Medicalxpress

 Nörobilimcilerden oluşan bir ekip, beynin tek bir dildeki ve iki farklı dilden kelimeleri birleştirmek için ortak bir mekanizma kullandığını keşfetti. Bulguları; iki dil bilenler için dil değiştirmenin doğal olduğunu gösteriyor. Çünkü beyin, dilin değiştiğini algılamayan ve aynı anda birden fazla dili kavramada kesintisiz bir geçişe izin veren bir mekanizmaya sahip…

 New York Üniversitesi Doktora Adayı Sarah Phillips: “Beynimiz birden fazla dilde konuşma yeteneğine sahip… Diller; kullandıkları sesler ve cümleleri oluşturmak için kelimeleri nasıl organize ettikleri konusunda farklılık gösterebilir. Ancak, tüm diller; karmaşık düşünceleri ifade etmek için kelimeleri birleştirme sürecini içerir.”

New York Üniversitesi Dilbilim ve Psikoloji Bölümü’nde Profesör Liina Pylkkänen: “İki dil bilenler; bu sürecin büyüleyici bir versiyonunu gösterirler. Beyinleri, aynı dilden sözcükleri birleştirirken; farklı dillerdeki sözcükleri kolayca bir araya getirir.”

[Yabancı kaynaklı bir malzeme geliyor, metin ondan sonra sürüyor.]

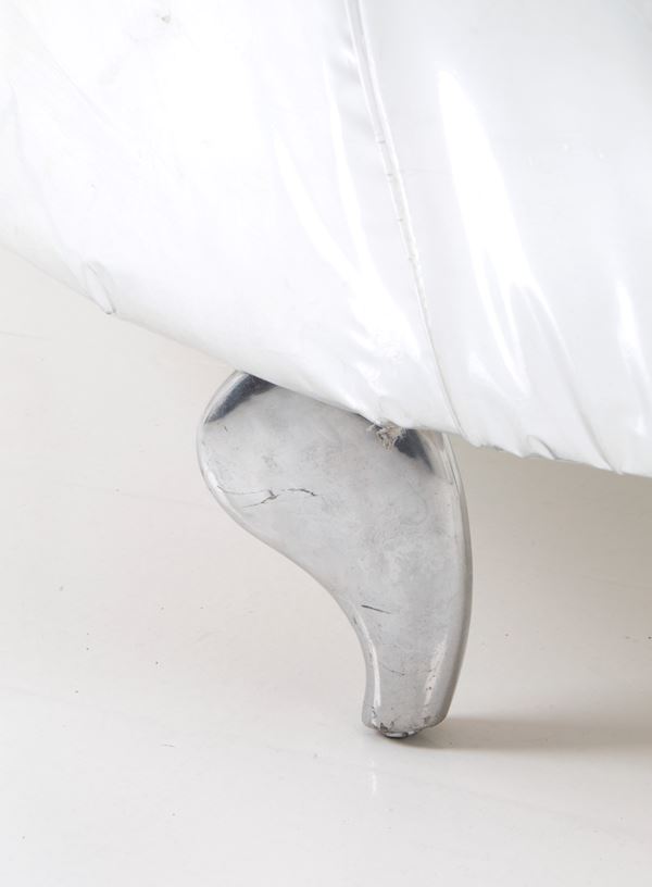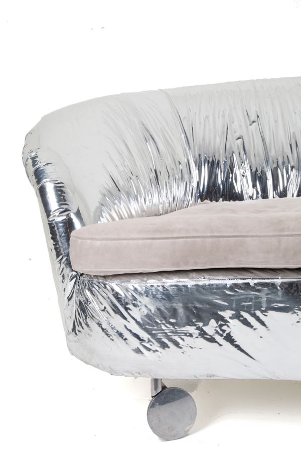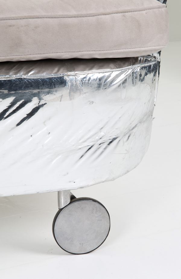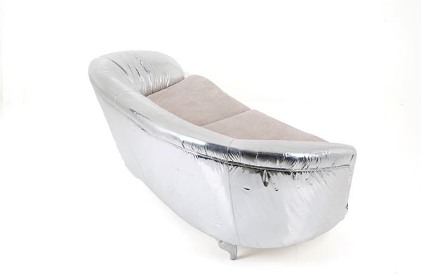 Divano a fagiolo imbottito e rivestito in tessuto in argento con sedute in alcantara grigio. Francia. Anni '30. Difetti.

ABD Nüfus Sayımına göre ABD’de tahmini 60 milyondan fazla kişi iki veya daha fazla dil kullanıyor. Bununla birlikte, iki ve çok dilliliğin yerel ve küresel olarak yaygın doğasına rağmen; birden fazla dili anlamak ve üretmek için kullanılan nörolojik mekanizmalar iyi anlaşılmamıştır.

 İki dilli insanlar birbirleriyle sohbet ederken genellikle iki dili birbirine karıştırır ve bu tür alışverişlerde beynin nasıl çalıştığı hakkında; araştırmacılar için sorular ortaya çıkarır.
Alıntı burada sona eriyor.